Sources: Bundesanzeiger

== Games ==
Wooga GmbH develops casual games. These are games for mobile devices such as smartphones and tablets that players do not play for long at a stretch. Since focusing on story-driven casual games, the Berlin-based developer studio has been producing plot-driven games aimed primarily at female casual gamers.
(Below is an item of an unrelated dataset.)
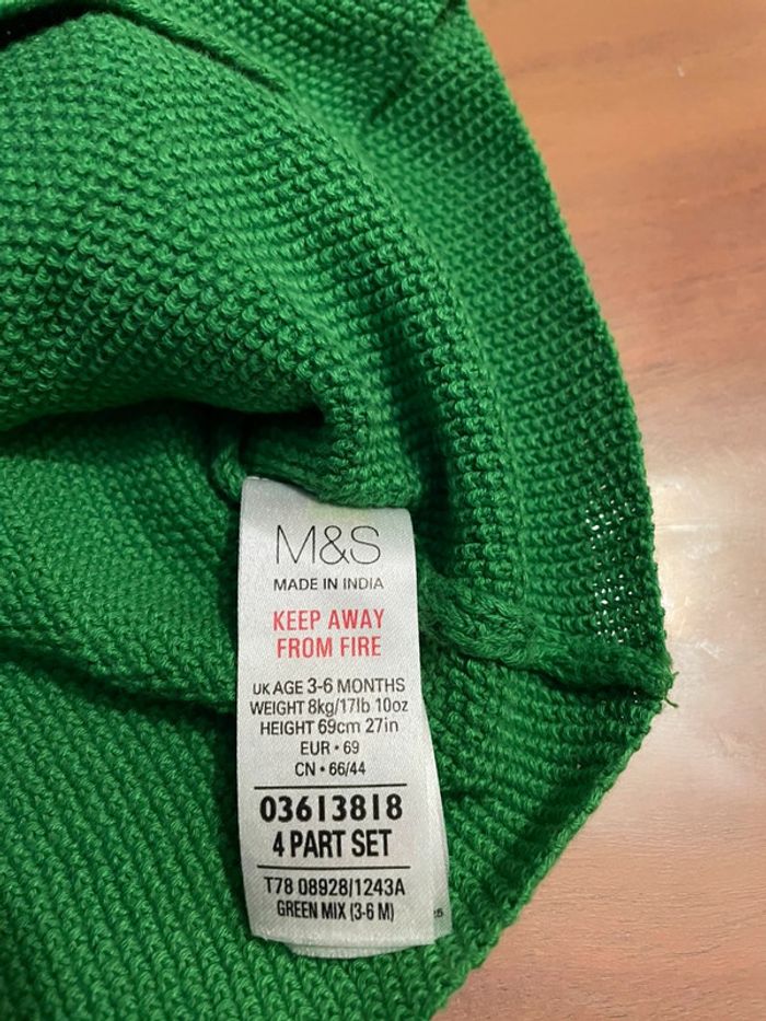 Gilet vert. 3/6 mois. (Taille plus 6 mois) Marque M&S. Très bon état .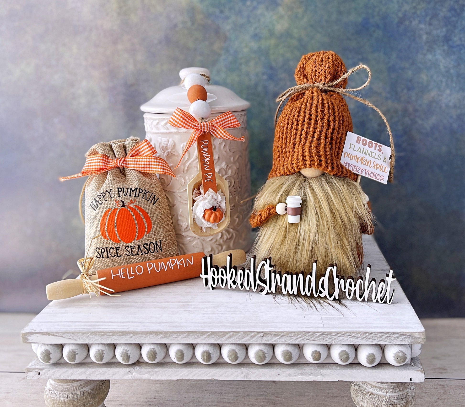 Pumpkin spice seasonal knit gnome - Tiered tray decor

The games developed for Facebook are social games. Here users exchange ideas, share their success or help each other in the respective game worlds. These types of games generate reach by using viral marketing, whereby players can invite their friends to a game via Facebook.

=== Portfolio ===

==== Facebook Games ====
- Diamond Dash
- Bubble Island
- Monster World
- Magic Land
- Happy Hospital
- Brain Buddies
- Kingsbridge
- Farm Tales
- Pearl’s Peril
- Jelly Splash
- June's Journey

==== Smartphone games ====
- Diamond Dash
- Bubble Island
- Jelly Splash
- Pearl's Peril
- June's Journey
- Agent Alice
- Futurama: Game of Drones
- Tropicats
- Bubble Island 2
- Switchcraft
- Monster World
- Ghost Detective

== Awards (Selection) ==

- 2010: Award for Best Social Game for Bubble Island at the European Games Award
- 2011: Award for best Social Game for Diamond Dash and award for "Best European Games Company" at the European Games Award
- 2011: Award as best newcomer startup of the decade by Gründerszene
- 2013: People's Choice Award at The Europas by tech blog Techcrunch
- 2021: Audience Award for the implementation of real tree planting through the participation of the game June's Journey at the Green Game Jam
- 2022: Awarded as Leading Employer
- 2022: Players Choice Award for June's Journey at the Green Game Jam 2022

== Sustainability ==
In a collaboration with the search engine Ecosia, Wooga took part in the Green Game Jam, an initiative sponsored by the United Nations Environment Programme (UNEP), with its game June's Journey in 2021 and 2022. In the game, Wooga players were able to reforest a forest in their game world and plant trees virtually, which enabled Ecosia to subsequently coordinate tree plantings around the world in reality. Over 60 tree planting projects in more than 30 countries have been supported in this way. In 2021, June's Journey planted 25,000 trees, for which Wooga won the audience award at the Green Game Jam.